Wow. We did it. We did it! We finished the whole book. Well done, everyone :-)
Before I get into this chapter, let me mention that Heidi has posted a review of the 1949 Little Women movie here on her blog, just in time for the end of the read-along! It's a charming review, so please go read it.
Now, on to the final chapter.
I really love the Bhaers' school at Plumfield, and reading this chapter is like a wonderful lead-in to Little Men, which I love since I like that book even better.
Did you catch the fact that they admitted a black student? Alcott uses the word "quadroon," which was another word for someone who is a quarter black (I know cuz I Googled it, you see). The notes in my copy say that Alcott's father ran a private school that had to close because they enrolled a black student, and white families pulled their children out of the school in protest. So I'd say this is Alcott's way of fictionally righting that wrong.

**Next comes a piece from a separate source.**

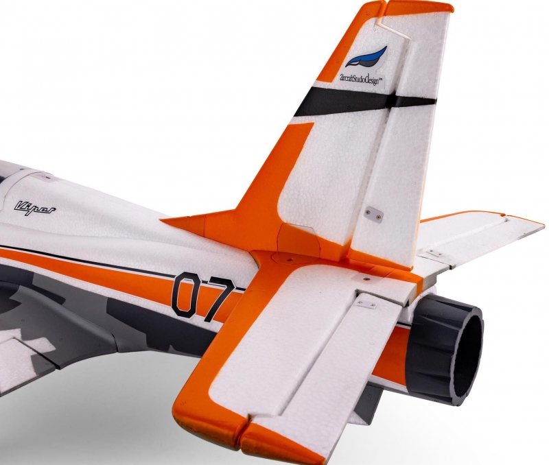 The Viper is built from durable, composite-reinforced EPO foam with a factory-applied finish and vivid trim scheme. It includes functional slotted flaps for better low-speed control, and LED navigation and landing lights for enhanced visibility and scale realism.

For a year Jo and her Professor worked and waited, hoped and loved, met occasionally, and wrote such voluminous letters that the rise in the price of paper was accounted for, Laurie said (p. 431).
"Think what luxury -- Plumfield my own, and a wilderness of boys to enjoy it with me" (p. 432).
"I do think that families are the most beautiful things in all the world!" burst out Jo, who was in an unusually up-lifted frame of mind just then (p. 434).
Possible Discussion Questions:
Have you read Little Men and/or Jo's Boys? Which is your favorite of the three?